Procedural memory is the agent's instructions. The interesting version is an agent that refines its own system prompt from feedback: you prompt it with its current instructions plus what went wrong, and it rewrites them. This is "reflection," and it is genuinely useful for tasks where you cannot specify the perfect instructions up front.

When do you write a memory?#

Two strategies, and the tradeoff is latency versus freshness.

In the hot path: the agent decides what to remember during the conversation, before it replies. Memories are available immediately and you can show the user "I'll remember that." The cost is latency and complexity: the agent is now multitasking between answering and curating memory.

In the background: a separate job extracts memories after the fact, asynchronously.
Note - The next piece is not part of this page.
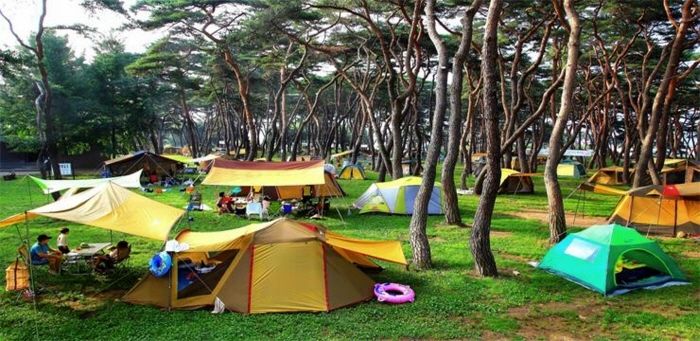 284,000㎡의 부지에서 조성된 송호관광지는 관리사무소를 비롯하여 주차장, 취사장, 화장실, 샤워장, 산책로 등의 시설이 갖추어져 있을 뿐만 아니라 관광객에게 보다 즐겁고 쾌적한 휴식공간과 송호금강물빛다리, 양산팔경둘레길을 연계한 울창한 소나무숲사이에 야영장이 펼쳐져 있다.

No latency hit on the main response, cleaner separation, but new memories are not instantly available and you have to decide when the job runs (after each session, on a schedule, on a trigger).

For most apps I start with background writing on session end. It keeps the live path fast, and memories being a minute stale almost never matters.

Putting it together#

A working agent uses both at once. On each turn: load the thread's short-term state (the checkpointer does this), pull relevant long-term memories for this user from the store, build the prompt from both, respond, and let a background job decide what new long-term memories to write.
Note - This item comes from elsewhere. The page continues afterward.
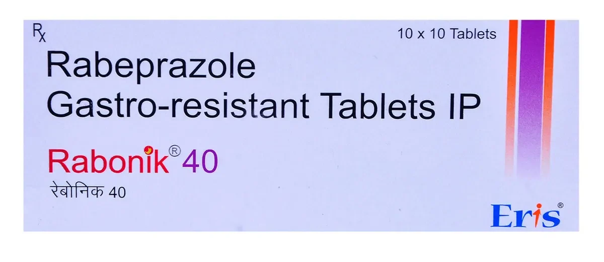 Rabonik 40 Tablet is a medicine that reduces the amount of acid produced in your stomach. It is used in the treatment of acid-related diseases of the stomach and intestine such as acid reflux, peptic ulcer disease, and Zollinger-Ellison syndrome. It provides relief from symptoms and promotes healing.

def agent_turn(state, store, *, user_id):
    # long-term: recall facts about this user
    memories = store.search((user_id, "facts"), query=state["messages"][-1].content)
    profile = "\n".join(m.value["text"] for m in memories)
 
    # short-term comes from state (loaded by the checkpointer)
    prompt = build_prompt(system=BASE + profile, history=state["messages"])
    reply = llm.invoke(prompt)
    return {"messages": [reply]}

Wrapping up#

Short-term memory is thread-scoped working state, persisted by a checkpointer, and its real challenge is managing long histories without drowning the model. Long-term memory is cross-session knowledge in a namespaced store, split into semantic facts, episodic experiences, and procedural instructions, written either in the hot path or in the background. Keep the two clearly separate and most agent memory problems stop being mysterious.

If you are building agents from the ground up, this fits alongside what AI agents and multi-agent systems are and evaluating agents with LangSmith.